Standardize Clusters for End Users
In a past life, I’ve had the opportunity to work with various end-users to help design, implement and support their clusters. There were often times when a single company would have multiple clusters that in terms of architecture looked worlds apart. As is usually the case, we are encouraged to move fast and when a developer screams at Ops to provide a platform to run their app they will often hit a roadblock.
Roadblocks come in all shapes and sizes, from no available resources to being unable to provide the functionality that the developers require. The outcome for most Ops teams when hitting these roadblocks is to use some sneaky “Shadow IT.” Well, we’re now starting to see “Shadow Clusters.”
There have been times when an application team (including developers and Ops) have been tasked with creating the next version of their application and what they’ve delivered is not only the application but also a whole cluster that is now the platform for their application. Handing this over to a perplexed and overstretched support team isn’t going to win you any favors, but it’s too late to go back at this point … and here we are, with new random clusters appearing all over.
The Cluster-API project aims to alleviate some of those problems by providing a sane interface to the lifecycle of a cluster, namely creation/scaling/upgrading and deletion. This interface is extensible through the provider model, which means that all clusters would look the same regardless of where this cluster is created — such as in the cloud, edge or on-prem. That same applications team would now be able to create a “managed” cluster that can be controlled through its entire lifecycle.
This ideally starts to simplify the roadblocks, while providing standardized and managed clusters that can be quickly deployed. However, we can go even faster to provide developers with the environments they need to develop and test their applications!
The vcluster project from Loft Labs takes quick cluster deployments to the next level, allowing a developer to create brand new Kubernetes clusters (of differing versions) within an existing Kubernetes cluster.
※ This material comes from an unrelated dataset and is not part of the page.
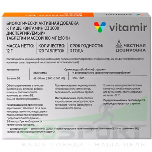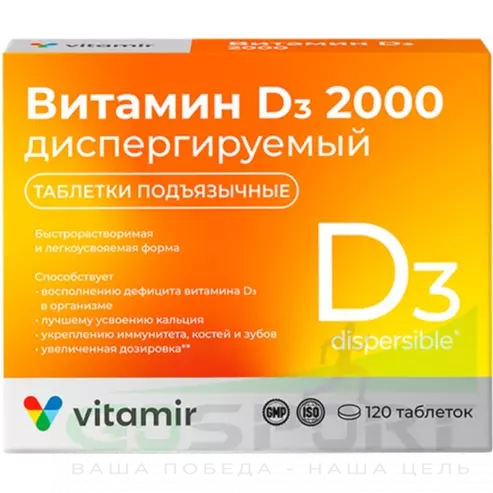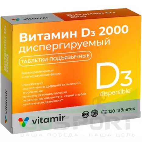 «Витамин D3 2000 диспергируемый» — дополнительный источник витамина D3 в форме подъязычных таблеток, которые быстро растворяются и легко усваиваются организмом.
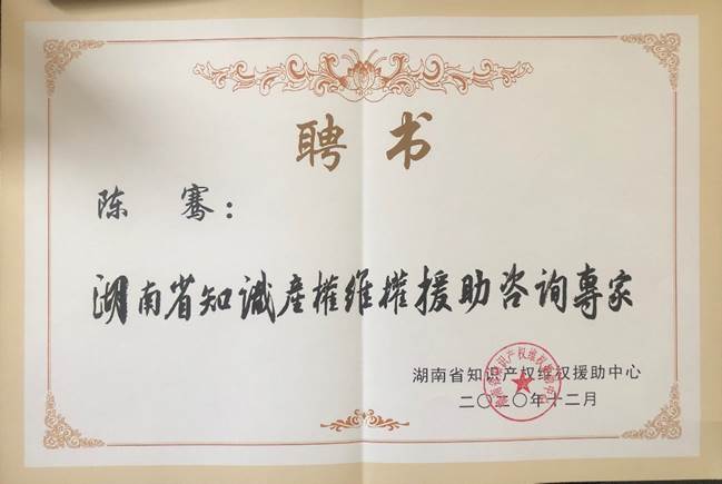 根据工作安排,知识产权维权援助咨询专家将发挥法律优势,为我省知识产权立法、专利侵权判定、海外知识产权维权等提供专业支撑和智力支持。此前,陈骞博士作为湖南省知识产权维权援助咨询专家参与包括中非经贸博览会等大型展会的知识产权投诉处理。

With both of these projects together we can quickly stand up a physical cluster in various environments and then create numerous virtual clusters that developers can consume to their heart’s content!
Originally I was thinking that perhaps FrankenCluster was the wrong term, perhaps Kubernetes expert Betty Junod was correct in her preference to call it “snowflake cluster” instead.
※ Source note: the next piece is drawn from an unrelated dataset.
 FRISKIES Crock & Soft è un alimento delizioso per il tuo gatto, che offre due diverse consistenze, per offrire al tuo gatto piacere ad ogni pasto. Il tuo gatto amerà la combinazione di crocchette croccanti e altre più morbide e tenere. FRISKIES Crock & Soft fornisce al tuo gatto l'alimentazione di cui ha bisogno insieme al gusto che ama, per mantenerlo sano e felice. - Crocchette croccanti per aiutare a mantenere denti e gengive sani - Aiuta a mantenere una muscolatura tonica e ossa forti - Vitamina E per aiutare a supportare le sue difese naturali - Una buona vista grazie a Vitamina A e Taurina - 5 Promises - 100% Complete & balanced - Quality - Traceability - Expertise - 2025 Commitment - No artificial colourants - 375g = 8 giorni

But then again most things start out as beautiful “snowflakes.” Even Dr. Frankenstein didn’t set out to originally create a monster. Although when he finally looked upon his creation his first impulse was to run away and honestly if I was asked to support a handcrafted EOL Kubernetes cluster made from long abandoned projects with no lifecycle automation, I’d probably choose to go live amongst the animals in the wilderness too.
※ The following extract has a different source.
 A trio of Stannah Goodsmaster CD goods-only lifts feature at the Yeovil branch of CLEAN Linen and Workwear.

Projects like Cluster-API (which recently went to v1.0+) are here to hopefully stop this from happening in the future. Simplifying the process to get a cluster deployed should hopefully stop the requirement for people creating their own “snowflakes.” Also projects like vcluster allow developers and operations to segment an existing cluster into numerous clusters, meaning developers can get the resources that they need without having to resort to “Shadow Clusters.”
There is always going to be a need for bespoke clusters for esoteric use cases, but if we can keep the numbers low we’ll make everyone’s lives easier. Everyone loves a snowflake (especially me as I’m a keen, but not very good snowboarder), but they probably don’t want to support one.